― Oi? Me desculpe.

Martina estava em pé ao lado da porta. Victoria olhou a mulher dos pés a cabeça. Vestia uma calça preta de tecido macio, não sabia ao certo o que era, mas demarcava muito bem suas pernas musculosas. Usava uma blusa branca que lhe caía muito bem. Ela percebeu seus braços fortes pela musculação que provavelmente fazia.

― Tudo bem, posso me sentar?

― Pode claro!

Tudo o que Victoria queria naquele momento era companhia.

― Vanessa me avisou que o carro parte em vinte minutos para o aeroporto.

Martina se sentou no lugar a sua frente com certo receio, pois a CEO a olhava com um olhar indecifrável.

― Você está bem?

― Sim, apenas um pouco mexida com isso tudo. Foi um dia difícil pra mim, Martina. Desde que acordei estou ligada no 220!

― Entendo. Mas o dia já está quase terminando.

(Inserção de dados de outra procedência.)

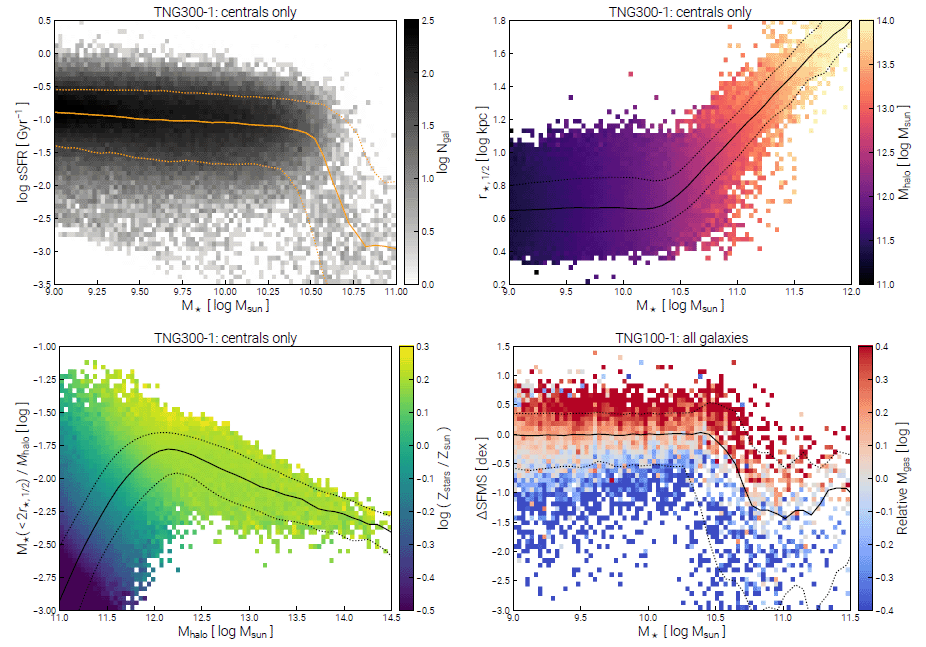 Caption. Four examples of exploratory plots for common scaling relations, galaxy trends, and other relationships between properties of the objects in the group catalogs, galaxies and halos, for TNG300-1 and TNG100-1 at $z=0$. Made using the web-based API functionality. Links into the API for PDF versions of these figures: [upper left], [upper right], [lower left], [lower right].
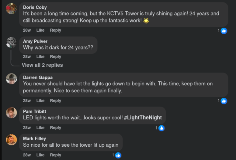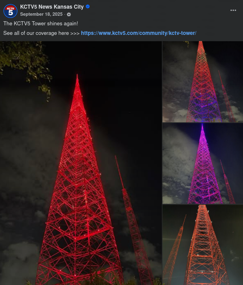 “History Rekindled: Iconic KCTV5 Tower Shines Again Over Kansas City Skyline.” KCTV5, September 19, 2025. https://www.kctv5.com/2025/09/19/watch-history-rekindled-iconic-kctv5-tower-shines-again-over-kansas-city-skyline/
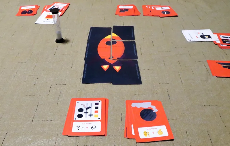 To set up the game, the Tool cards will be evenly dealt out to all players. You’ll make the Malfunction deck based on the number of players and the difficulty level you want to play, mixing in a certain amount of Malfunction cards and Anomaly cards and then shuffling in the Systems Go cards. You’ll then deal out an equal amount of Malfunction cards to each player. Once you’re ready to play, the timer starts, then everyone flips their Malfunction decks and starts to resolve their cards one at a time.
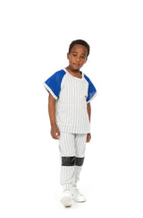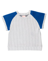 WAUW CAPOW by Bangbang Carl, is a grey T-shirt with narrow black stripes. The t-shirt has some cool blue sleeves, in a mesh-like fabric, with small holes that gives the sleeve a semi see-through look. This is a very cool and simple T-shirt with sporty vibes, reminiscent of baseball jerseys.
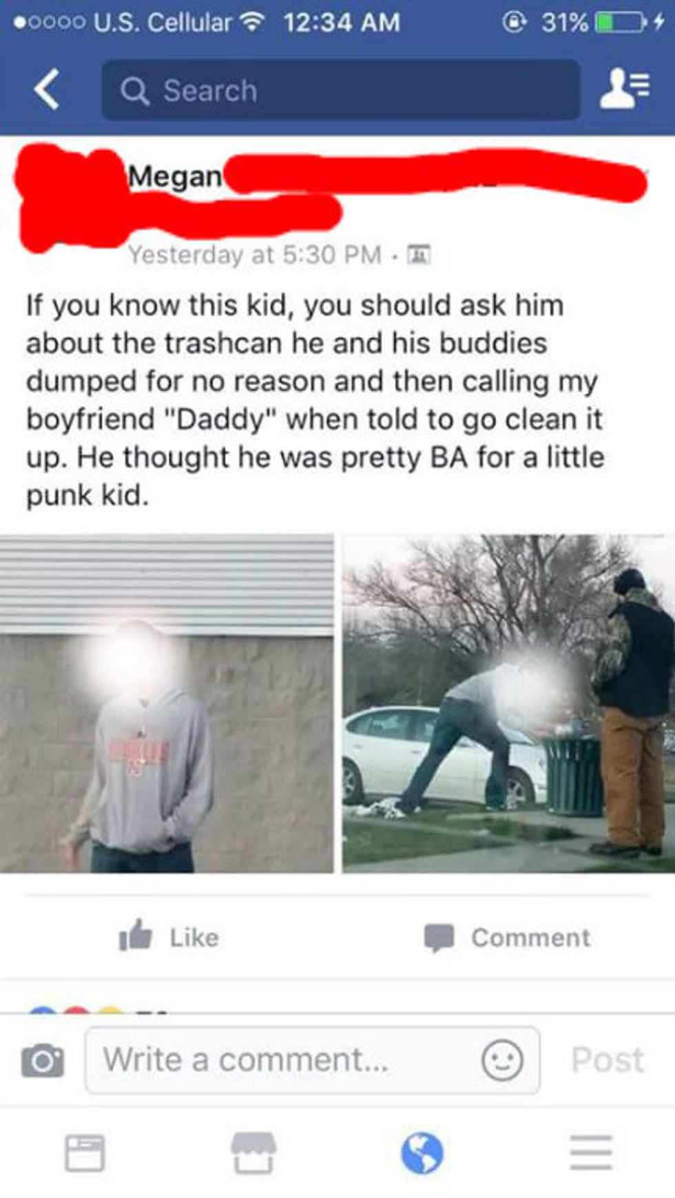 I am in no way trying to say what this boy did was okay, because it wasn't. But I do want to point out that at least the boy went back and picked it up. I know of plenty of people who probably would have looked at Megan's boyfriend and said something much ruder than calling him "daddy".
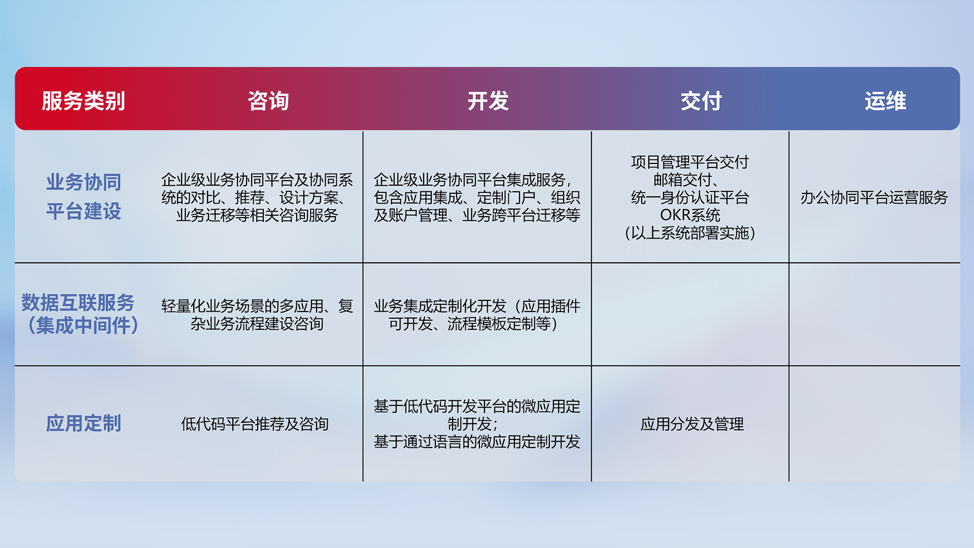 针对钉钉、、企微、、、、IDaas等平台级产品提供产品的规划、、、方案、、交付、、、定制化开发等服务,,实现如统一协同办公、、、、智能客户服务、、混合会议管理、、、、智能数据查询、、、等业务场景,,实现数字化转型。。
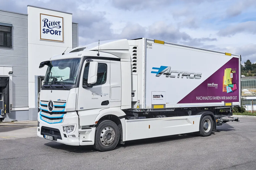 Семейная компания Ritter Sport, которая специализируется на квадратных шоколадных батончиках и базируется в Вальденбухе недалеко от Штутгарта, в настоящее время тестирует электрический грузовик eActros.
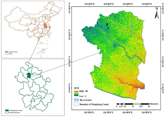 Mengcheng County, under the jurisdiction of Bozhou City in Anhui Province, People’s Republic of China, is located in the western part of the province, bordering Henan Province. It occupies the junction between Anhui and Henan. The county lies at the western edge of the Huaihe River Basin, with geographical coordinates ranging from 116°15′43″ E to 116°49′25″ E and 32°55′29″ N to 33°29′04″ N. Mengcheng County covers a total area of approximately 2091 square kilometers. Its topography is predominantly plain, especially in the eastern and southern regions, while the western and northern regions exhibit some undulation, as shown in Figure 6.
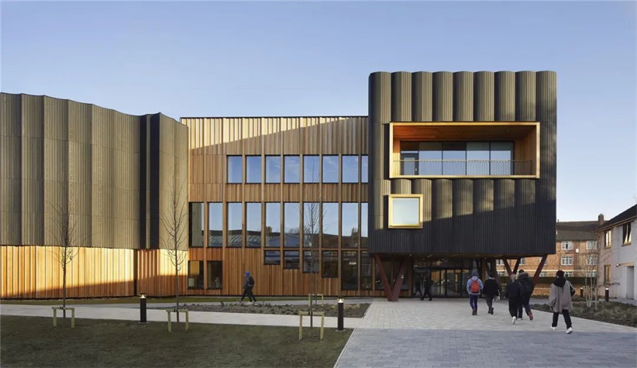 学生社区中心及协同工作环境则完美地实践了三个主要设计概念,这一区域包含了2000㎡的灵活教学空间,这一区域没有柱子,并有着大量的宽敞开放空间,这些开放空间可以被进一步改造为一个个蜂窝式分区。创意中心的核心是一个可以容纳200个座位的礼堂,这一空间可以举办学生的现场表演、社区活动及高规格会议。同时,礼堂外部由预制木材包裹,由此呼应了校园旁约克座堂高耸狭窄的壁龛造型。
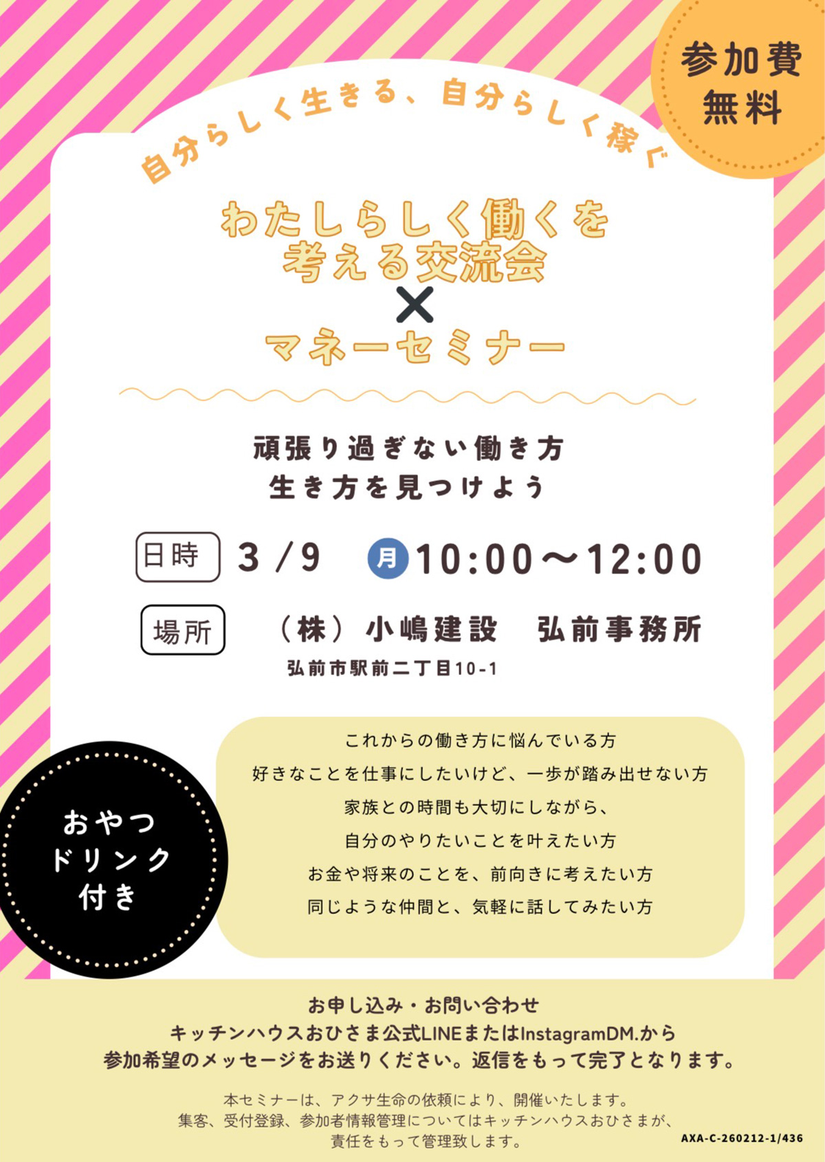 | 申込方法 | キッチンハウスおひさま公式LINEまたはInstagramDM.から参加希望のメッセージをお送りください。返信をもって完了となります。 |
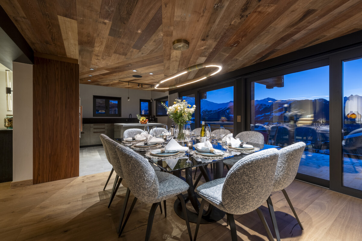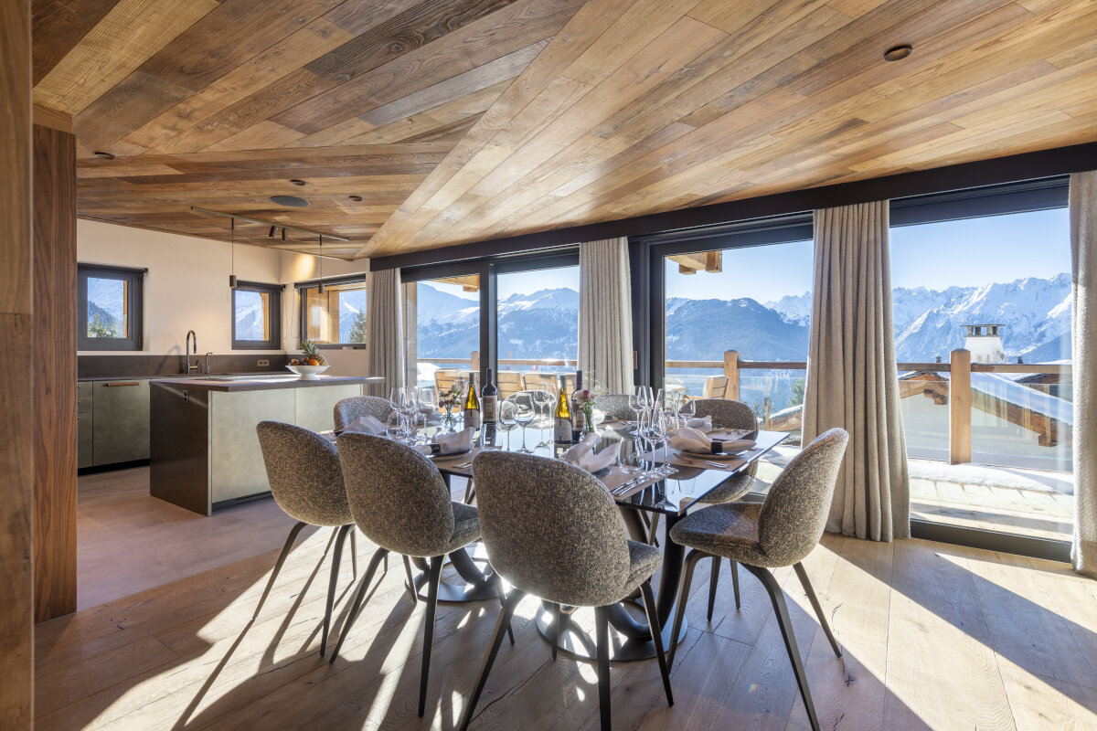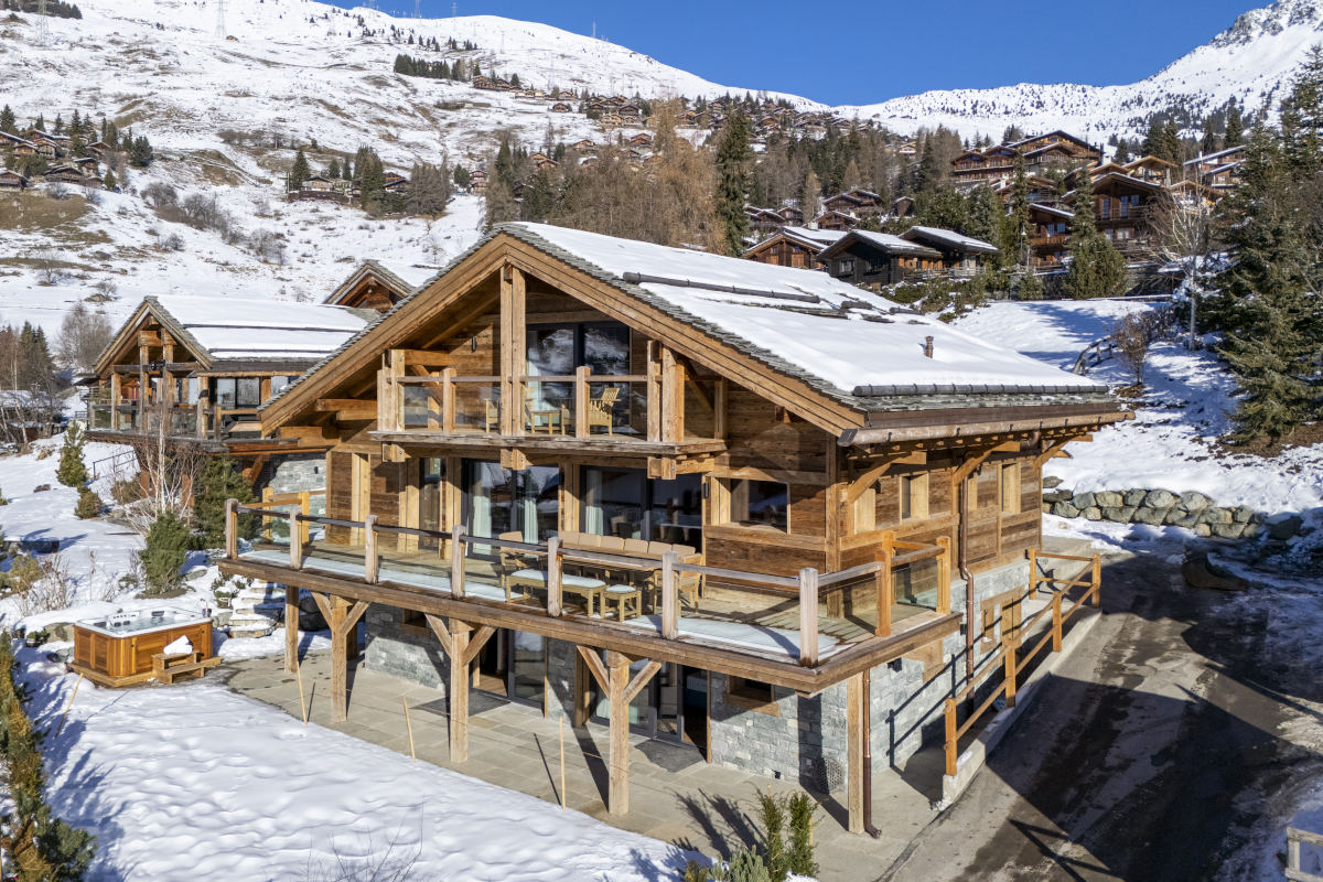 A balcony with plenty of seating and an outdoor dining table extends around two sides of the chalet, and a paved terrace runs around the structure at garden level. From both inside and outside the chalet, the views over Verbier and the Val de Bagnes to the high mountains beyond are incredible.

Victoria acena que sim com a cabeça lentamente e um silêncio mortífero se instala na sala. Num pico de emoção, Victoria olha na direção do janelão contrário ao lugar onde estão sentadas, numa tentativa de alinhar seu pensamento.

― Eu não consigo fazer isso!

― Se quiser eu posso falar com a imprensa, Victoria.

Após alguns segundo olhando o além, ela continua.

― Não é isso. É outra coisa. Eu te devo desculpas, Martina. Eu… ― Martina não sabia exatamente o porquê Victoria estava dizendo aquilo. Ela não fazia ideia de que a CEO estivera prestes a transferi-la sem nem mesmo falar com ela. ― Eu quero que você esteja aqui na empresa. Eu realmente agradeço toda ajuda que você já deu em tempo recorde desde que entrou aqui.

― Você não precisa agradecer, Victoria. Esse é o meu trabalho. Estou aqui para isso.

― Eu sei, mas… Eu quero que você saiba.

Martina só restou concordar. Olhou a mulher segurar o pulso esquerdo querendo esconder algo.

― Tudo bem. Vamos trabalhar juntas para isso dar certo, ok?

Ver Martina assim tão amorosa deixou Victoria totalmente rendida. Todavia não queria transparecer seus reais sentimentos então decidiu partir para o que interessava.

― Então, o que você tem para me passar?

― Está aqui um resumo do que você tem que dizer. Siga este roteiro e tudo estará bem.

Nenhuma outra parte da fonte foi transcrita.